§ **INSTRUCTIONS TO FOLLOW**
Set down all of the entries below word for word, with the pictures left out.

::::::

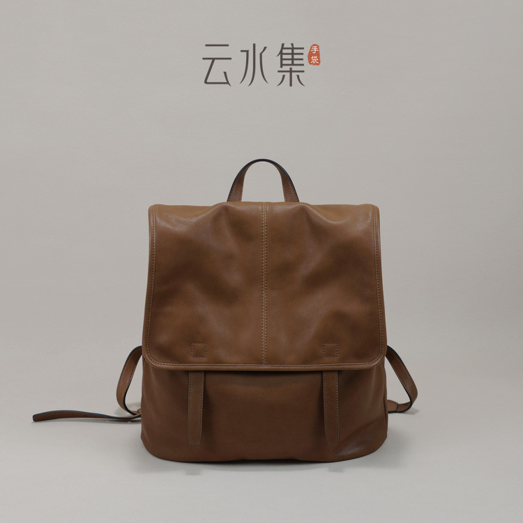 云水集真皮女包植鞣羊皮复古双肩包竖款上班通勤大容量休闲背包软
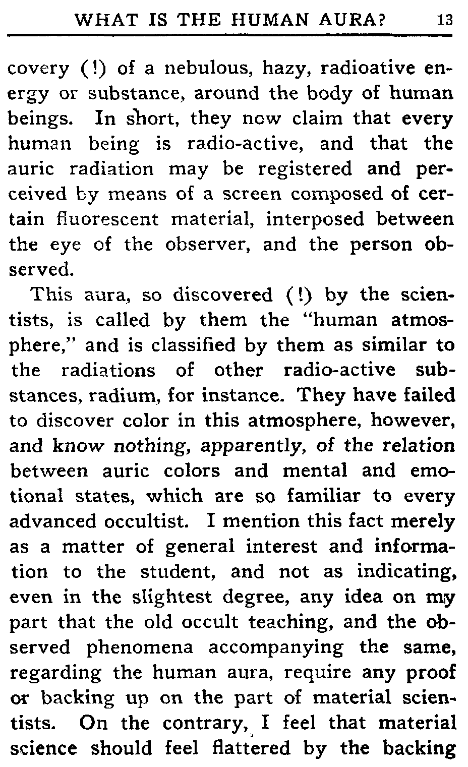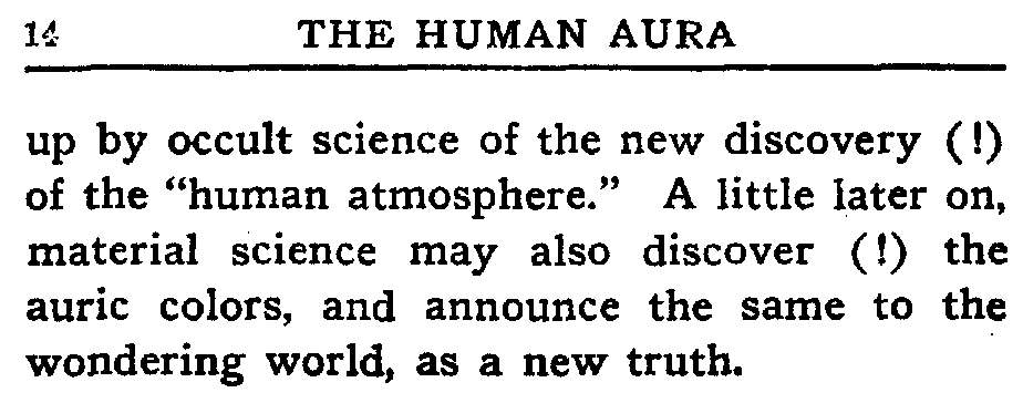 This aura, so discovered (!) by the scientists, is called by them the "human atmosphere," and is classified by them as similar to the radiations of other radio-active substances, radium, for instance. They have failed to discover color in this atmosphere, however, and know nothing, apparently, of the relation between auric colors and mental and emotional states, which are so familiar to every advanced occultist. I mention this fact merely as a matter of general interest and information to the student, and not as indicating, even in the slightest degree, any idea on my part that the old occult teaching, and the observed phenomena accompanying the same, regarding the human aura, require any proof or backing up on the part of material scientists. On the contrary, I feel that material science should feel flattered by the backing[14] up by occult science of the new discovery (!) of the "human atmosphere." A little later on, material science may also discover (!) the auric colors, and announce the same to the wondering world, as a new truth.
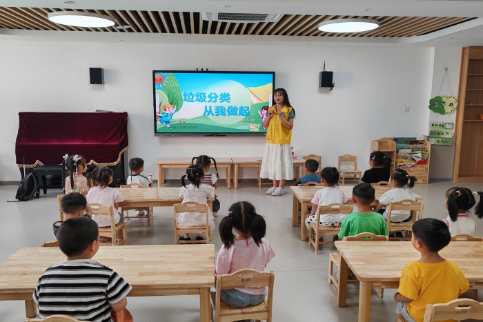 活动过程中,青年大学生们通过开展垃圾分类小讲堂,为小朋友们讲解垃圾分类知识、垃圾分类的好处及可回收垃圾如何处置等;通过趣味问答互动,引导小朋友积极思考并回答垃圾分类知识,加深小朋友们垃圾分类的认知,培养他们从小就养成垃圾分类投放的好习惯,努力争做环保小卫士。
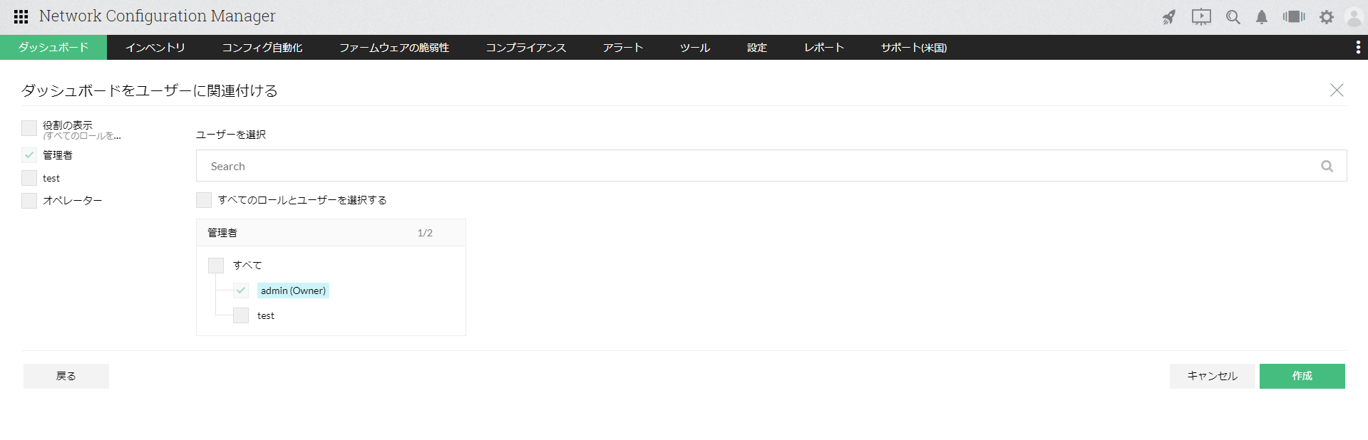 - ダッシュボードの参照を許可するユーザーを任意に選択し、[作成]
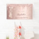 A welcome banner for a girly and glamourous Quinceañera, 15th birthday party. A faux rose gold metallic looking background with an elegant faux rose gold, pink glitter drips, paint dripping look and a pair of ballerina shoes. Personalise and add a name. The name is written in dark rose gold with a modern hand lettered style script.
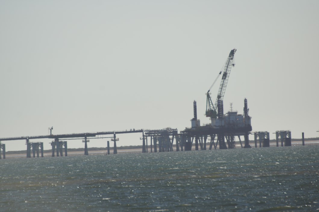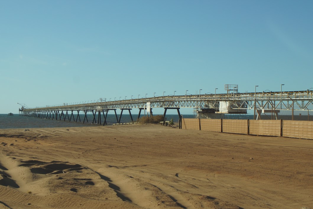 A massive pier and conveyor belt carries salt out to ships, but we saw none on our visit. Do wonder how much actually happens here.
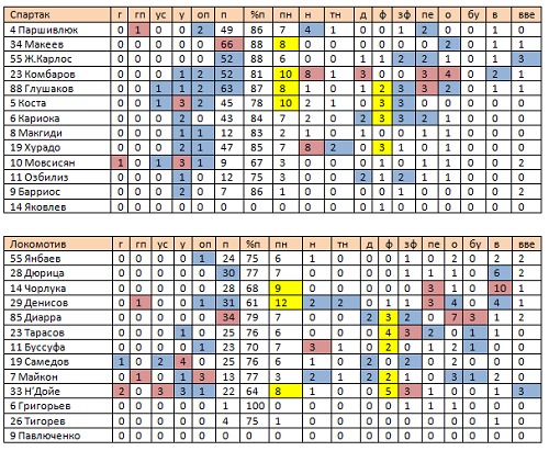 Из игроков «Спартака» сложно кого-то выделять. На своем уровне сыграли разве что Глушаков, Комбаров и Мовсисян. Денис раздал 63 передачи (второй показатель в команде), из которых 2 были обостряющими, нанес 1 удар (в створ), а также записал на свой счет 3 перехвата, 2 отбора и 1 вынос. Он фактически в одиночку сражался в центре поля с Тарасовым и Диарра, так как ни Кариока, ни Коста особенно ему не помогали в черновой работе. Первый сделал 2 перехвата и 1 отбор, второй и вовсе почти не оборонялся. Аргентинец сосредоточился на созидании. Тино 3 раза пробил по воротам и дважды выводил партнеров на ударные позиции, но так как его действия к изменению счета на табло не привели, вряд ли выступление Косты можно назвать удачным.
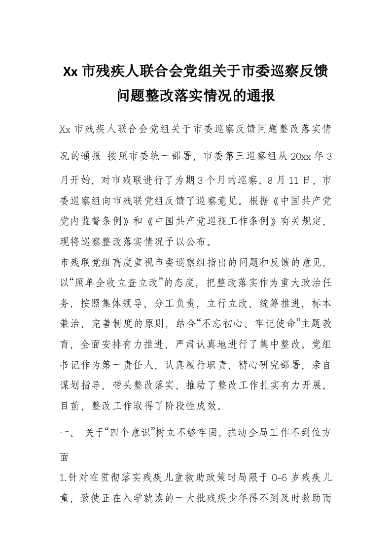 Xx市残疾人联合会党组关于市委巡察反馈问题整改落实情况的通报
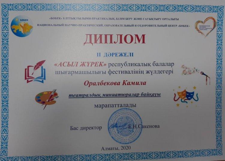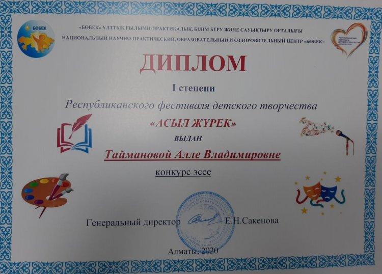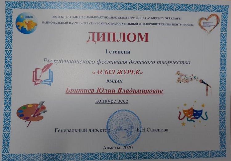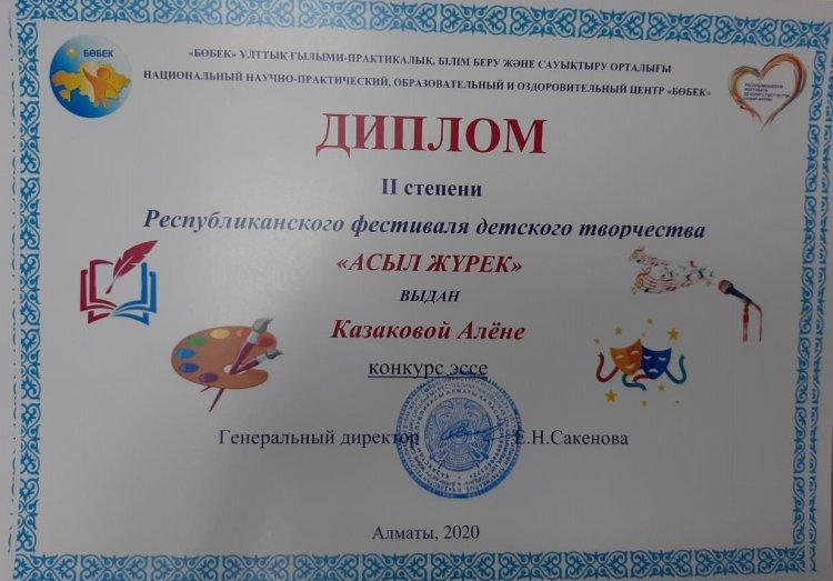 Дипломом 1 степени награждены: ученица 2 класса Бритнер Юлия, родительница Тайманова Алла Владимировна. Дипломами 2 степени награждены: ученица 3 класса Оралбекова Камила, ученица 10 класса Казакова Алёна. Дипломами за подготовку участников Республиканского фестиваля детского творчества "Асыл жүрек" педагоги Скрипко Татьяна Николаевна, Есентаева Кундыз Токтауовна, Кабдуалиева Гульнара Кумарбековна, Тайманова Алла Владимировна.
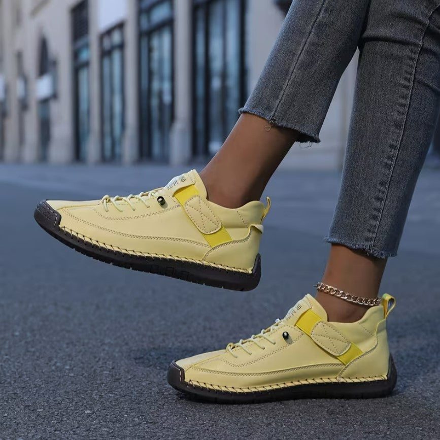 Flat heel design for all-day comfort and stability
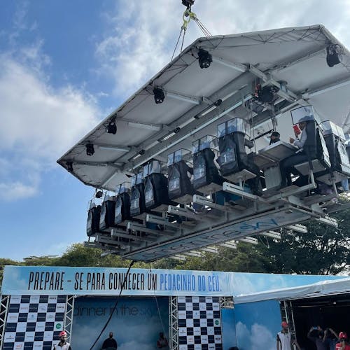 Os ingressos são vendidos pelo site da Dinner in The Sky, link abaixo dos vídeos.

::::::

§ **ANSWER SPACE**
 云水集真皮女包植鞣羊皮复古双肩包竖款上班通勤大容量休闲背包软
 This aura, so discovered (!) by the scientists, is called by them the "human atmosphere," and is classified by them as similar to the radiations of other radio-active substances, radium, for instance. They have failed to discover color in this atmosphere, however, and know nothing, apparently, of the relation between auric colors and mental and emotional states, which are so familiar to every advanced occultist. I mention this fact merely as a matter of general interest and information to the student, and not as indicating, even in the slightest degree, any idea on my part that the old occult teaching, and the observed phenomena accompanying the same, regarding the human aura, require any proof or backing up on the part of material scientists. On the contrary, I feel that material science should feel flattered by the backing[14] up by occult science of the new discovery (!) of the "human atmosphere." A little later on, material science may also discover (!) the auric colors, and announce the same to the wondering world, as a new truth.
 活动过程中,青年大学生们通过开展垃圾分类小讲堂,为小朋友们讲解垃圾分类知识、垃圾分类的好处及可回收垃圾如何处置等;通过趣味问答互动,引导小朋友积极思考并回答垃圾分类知识,加深小朋友们垃圾分类的认知,培养他们从小就养成垃圾分类投放的好习惯,努力争做环保小卫士。
 - ダッシュボードの参照を許可するユーザーを任意に選択し、[作成]
 A welcome banner for a girly and glamourous Quinceañera, 15th birthday party. A faux rose gold metallic looking background with an elegant faux rose gold, pink glitter drips, paint dripping look and a pair of ballerina shoes. Personalise and add a name. The name is written in dark rose gold with a modern hand lettered style script.
 A massive pier and conveyor belt carries salt out to ships, but we saw none on our visit. Do wonder how much actually happens here.
 Из игроков «Спартака» сложно кого-то выделять. На своем уровне сыграли разве что Глушаков, Комбаров и Мовсисян. Денис раздал 63 передачи (второй показатель в команде), из которых 2 были обостряющими, нанес 1 удар (в створ), а также записал на свой счет 3 перехвата, 2 отбора и 1 вынос. Он фактически в одиночку сражался в центре поля с Тарасовым и Диарра, так как ни Кариока, ни Коста особенно ему не помогали в черновой работе. Первый сделал 2 перехвата и 1 отбор, второй и вовсе почти не оборонялся. Аргентинец сосредоточился на созидании. Тино 3 раза пробил по воротам и дважды выводил партнеров на ударные позиции, но так как его действия к изменению счета на табло не привели, вряд ли выступление Косты можно назвать удачным.
 Xx市残疾人联合会党组关于市委巡察反馈问题整改落实情况的通报
 Дипломом 1 степени награждены: ученица 2 класса Бритнер Юлия, родительница Тайманова Алла Владимировна. Дипломами 2 степени награждены: ученица 3 класса Оралбекова Камила, ученица 10 класса Казакова Алёна. Дипломами за подготовку участников Республиканского фестиваля детского творчества "Асыл жүрек" педагоги Скрипко Татьяна Николаевна, Есентаева Кундыз Токтауовна, Кабдуалиева Гульнара Кумарбековна, Тайманова Алла Владимировна.
 Flat heel design for all-day comfort and stability
 Os ingressos são vendidos pelo site da Dinner in The Sky, link abaixo dos vídeos.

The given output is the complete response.